Bias and Fairness Testing
Fairness is not an ethical opinion you hold about a system. It is a quality characteristic you can measure, with specific techniques, before the system ever goes live.
1 The Hook
Back to the NZ Revenue Analytics Unit from Lesson 1 — the agency whose document classification AI misrouted Māori land trust correspondence. In Lesson 1 we used it to show a data quality failure. Now look at the same failure through the fairness lens, because that is where the test gap really sat.
The test team had done real work. They ran functional tests — documents went somewhere. They ran performance tests — the API was fast and accurate on the test set. What they never ran was a single test that asked: does this model perform equally well across the different groups of people it serves? Not one test case compared classification accuracy for Māori land correspondence against the rest. The question was simply not in the test plan.
It was not in the plan because the team thought of fairness as an ethics topic — something for a governance committee, a values statement, a tick-box at the end. It did not occur to them that fairness was a thing you test, with a test case, an acceptance criterion, and a pass/fail, exactly like performance.
That is the misconception this lesson removes. Under ISO/IEC 42119, fairness is a measurable quality characteristic with its own test types. The disparity in the Revenue Analytics Unit model was detectable before go-live — a demographic parity test comparing accuracy across correspondence types would have failed loudly in the test environment. Nobody had to wait for a complaint. They just had to test for it.
This lesson gives you the concrete techniques: where bias comes from, the two 42119 fairness test types, the fairness metrics, how the NZ Human Rights Act 1993 tells you which groups to test, and how to build a fairness test plan that would have caught the Revenue Analytics Unit failure in week one.
2 The Rule
Bias in an AI system is detectable before deployment. ISO/IEC 42119 treats fairness as a measurable quality characteristic with concrete test types — not an ethics exercise done by a committee at the end. If “does this perform equally across groups?” is not a test case in your plan, you are not testing for fairness.
3 The Analogy
Two identical loan applications with different names.

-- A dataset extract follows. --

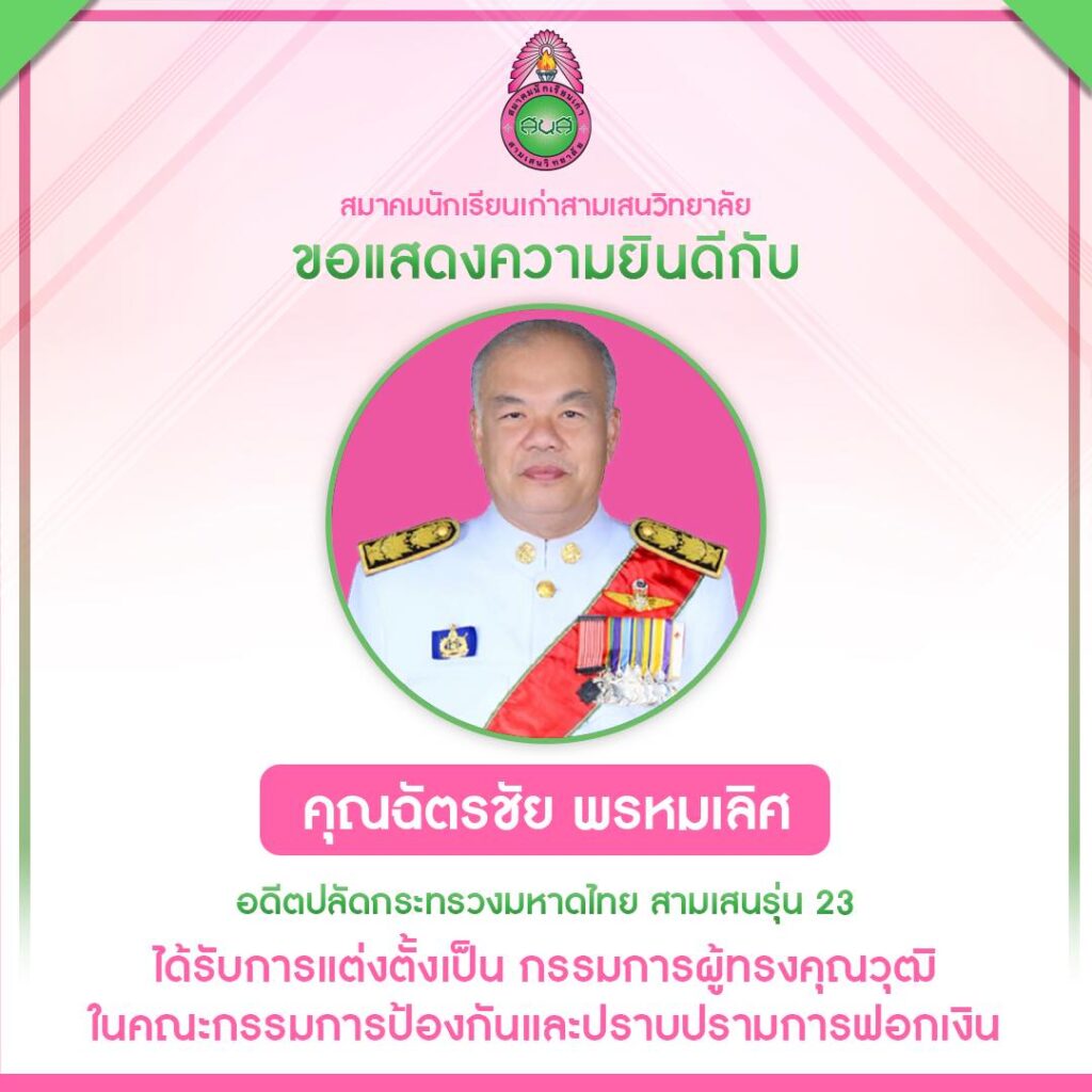 สมาคมนักเรียนเก่าสามเสนวิทยาลัย ขอแสดงความยินดีกับ คุณฉัตรชัย พรหมเลิศ สามเสนวิทยาลัยรุ่นที่ 23 ในโอกาสได้รับการแต่งตั้งให้ดำรงตำแหน่ง กรรมการผู้ทรงคุณวุฒิในคณะกรรมการป้องกันและปราบปรามการฟอกเงิน

Imagine two people walk into a bank with applications that are identical in every way that should matter — same income, same deposit, same debts, same job — and the only difference is their name and the suburb they live in. If one is approved and the other declined, you do not need an ethics debate to know something is wrong. You can see it, because you held everything else constant and changed only the thing that should not count.
That is exactly what fairness testing does to a model. You feed it cases that are identical except for one protected characteristic, and you watch whether the decision changes. Fairness is not a feeling about the model — it is the answer to a controlled experiment you can run, repeat, and put a pass/fail on. The two-identical-applications test even has a formal name in 42119: counterfactual fairness testing.
4 What AI Bias Is and Where It Comes From
AI bias is systematic, unfair difference in how a model treats different groups of people. “Systematic” matters: a model that is occasionally wrong is not biased; a model that is reliably more wrong for one group is. Keep it practical — there are three places bias enters.
1. Training data
The most common source, and the one Lesson 2 covered. If a group is under-represented (the Revenue Analytics Unit) or was historically treated unfairly in the data the model learned from, the model reproduces and often amplifies that pattern. A model trained on past lending decisions learns the past’s biases as if they were rules.
2. Model and feature design
Bias can come from what the model is allowed to look at. A feature that seems neutral can be a stand-in for a protected characteristic — a postcode can proxy for ethnicity, a school name can proxy for age or wealth. The model never “sees” ethnicity, yet decides as if it did, because the proxy carries the signal.
3. Feedback loops
Bias can grow after deployment. If a model sends fewer South Auckland claims to fast-track, fewer get resolved quickly, that outcome feeds the next round of training data, and the bias deepens. Feedback loops turn a small initial skew into an entrenched one — another reason continuous validation (Lesson 3) matters for fairness, not just performance.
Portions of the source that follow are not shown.